Introduction

Correct empirical antibiotic therapy for Gram-negative bloodstream infection (GN-BSI) is crucial due to its high impact on morbidity and mortality1,2. Not only patients’ underlying conditions and clinical severity at presentation, but also local epidemiology and rates of antibiotic resistance are milestones in the process of choosing an adequate empirical therapy3,4. If a broader antibiotic spectrum offers more guarantees in terms of antibiotic coverage, the narrowest antimicrobial spectrum gives more chances to reduce pressure and emergence of resistance and/or adverse events associated with antibiotic misuse5.
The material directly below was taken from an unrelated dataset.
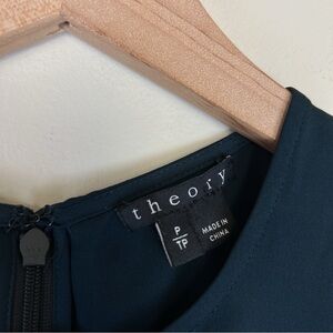 Theory Dark Mineral Teal Laycee Sleeveless Arched Hem Silk Top. Blouse. Round neckline. Arched peplum hem with side slits. Back zip closure. 100% silk. Retail: $215. Elegant, classic, office, workwear, minimalist. Size P equates size XS or 0. Armpit to armpit: 16.5". Length: 25". (467)

Several studies aimed to predict multidrug resistance in patients with GN-BSI in order to guide clinicians in the correct empirical therapy choice, even if they usually addressed a single resistance type or mechanism6,7,8. In recent studies, growing attention was driven to find the best time-window for drug-resistance-predicting models9,10. According to the local laboratory workflow, predictive models could be used at different windows, such as Gram staining stage or early species identification, with or without rapid detection of genotypic mechanisms11. Currently, MALDI-TOF is one of the most common methods used for rapid identification of pathogens from positive blood cultures12.

Our study aims to develop an artificial intelligence (AI) model able to predict a microorganism’s susceptibility to different antibiotic classes (i.e., fluoroquinolones, 3rd generation cephalosporins, beta-lactam/beta-lactamase inhibitors, and carbapenems), in patients with a Gram-negative bloodstream infection identified at species level using the MALDI-TOF species identification system. The MALDI-based system was chosen according to the microbiological BSI workflow process of our laboratory and in order to increase the specificity of our predictive model.

Results

Characteristics of population

During the study period, 4497 GN-BSI occurred in our cohort. After excluding 1945 episodes meeting the exclusion criteria, 2552 patients were included for analysis (Supplementary Fig. 1). Baseline characteristics of populations and microorganisms are shown in Tables 1 and 2, respectively.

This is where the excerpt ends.